DAC 3D Dividend Growth ETF (DVGR)
DVGR is an exchange-traded fund that screens U.S. dividend-paying stocks along three distinct dimensions: dividend yield, fundamental value metrics, and momentum signals. Rather than simply buying the highest-yielding stocks, the fund layers in valuation and price-strength filters to target companies that are growing their payouts and trading at reasonable prices.
The three-dimensional approach
The fund’s strategy rests on the observation that pure dividend yield can be deceptive. A stock’s yield rises when its price falls sharply, often a warning sign that the dividend itself is at risk. By adding value and momentum screens to the yield base, DVGR aims to identify companies raising dividends because their fundamentals are sound, not companies whose high yields are the result of distress.
The three dimensions work together. The dividend component targets stocks with sustained payout histories and growth. The value dimension seeks stocks trading at discounts to book, earnings, or cash-flow metrics. The momentum component identifies stocks showing positive recent price momentum — not necessarily the speculative, extended names that classical momentum strategies pursue, but equities displaying genuine buying interest from the broader market. A stock must score well across all three to earn a place in the portfolio.
The portfolio and mechanics
DVGR holds a diversified basket of 100 to 200 U.S. large and mid-cap equities, all of which meet the fund’s screening criteria. The portfolio skews toward sectors where dividend growth is common — consumer staples, utilities, healthcare, telecommunications, and industrials. Because the screen is systematic and rules-based rather than discretionary, the fund rebalances regularly, typically quarterly or monthly, adding and removing stocks as they cross the screening thresholds.
As a plain, unleveraged exchange-traded fund, DVGR trades at market prices throughout the day and carries no daily reset mechanics. The expense ratio is modest, in line with other systematic, rules-based equity strategies.
The risks embedded in multi-factor selection
The central risk is that the three-factor approach is a specific bet on a particular market regime. In extended periods when dividend stocks underperform growth, DVGR can lag broad indices by a wide margin. The 2010s saw this clearly: a decade of dominance by high-growth, low-dividend technology names meant dividend-focused strategies faced headwinds. Even adding momentum and value filters did not shield DVGR from that environment.
A second risk is the opacity of factor interactions. How exactly the three dimensions are weighted, which takes priority when they conflict, and whether they interact in unexpected ways — these are worth understanding in depth. The fund publishes its methodology, but the precise weighting or scoring formula can be difficult to reverse-engineer from a prospectus alone.

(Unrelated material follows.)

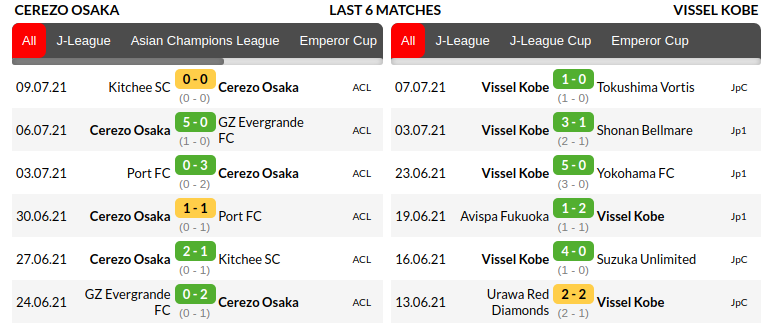 Cerezo Osaka vs Kobe Predictions: Current Form
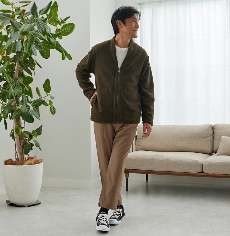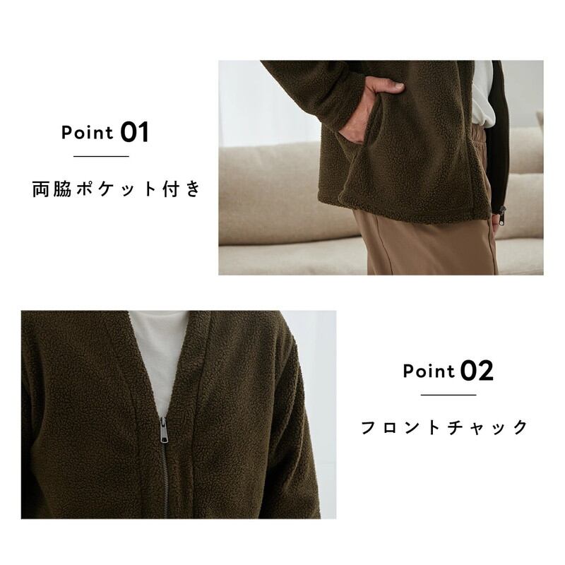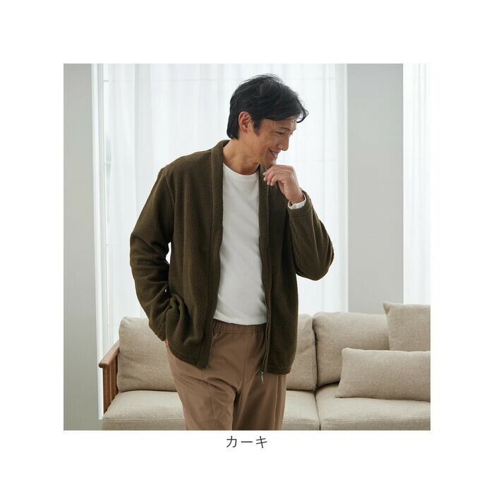 ・柔らかくて動きやすい素材なので、ちょこっと外に出るとも気軽に羽織っていける、ライトボアカーディガンです。

A third risk is concentration. Because the screen is narrow — selecting only companies passing all three filters — the resulting portfolio can be more concentrated than the broad market. If the screened cohort underperforms, DVGR has no diversification cushion. A dividend cut by one of its concentrated holdings also hits harder than it would in a broader fund.
Interest rate sensitivity is also material. Dividend stocks compete for investor capital with bonds, and when bond yields rise sharply, dividend stocks often underperform as investors move to fixed income. A scenario of sustained higher rates would create a structural headwind for the fund.
How a reader would evaluate DVGR
Start with the prospectus and fact sheet, which lay out the exact screening rules and show the current holdings. Compare DVGR’s performance to simple dividend-yield indices and to broad market indices over a full economic cycle, not just a bull market. Watch the turnover figure — high turnover suggests the screening rules are turning over the portfolio rapidly, which can create tax drag in taxable accounts and trading friction costs.
The key insight is whether the three-factor blend meaningfully outperforms a simpler dividend strategy. If DVGR’s returns are merely in line with a traditional dividend-growth or dividend-yield fund, the added layer of value and momentum screening may not justify its complexity and costs. If the returns are demonstrably higher and less volatile, the case for the multi-factor approach is stronger.
Consider also the fund’s positioning within a broader portfolio. DVGR works best as one component of a diversified allocation, not as the entire equity holding. Its strength is as a systematic income generator with some upside participation; it is not a hedge or a defensive position.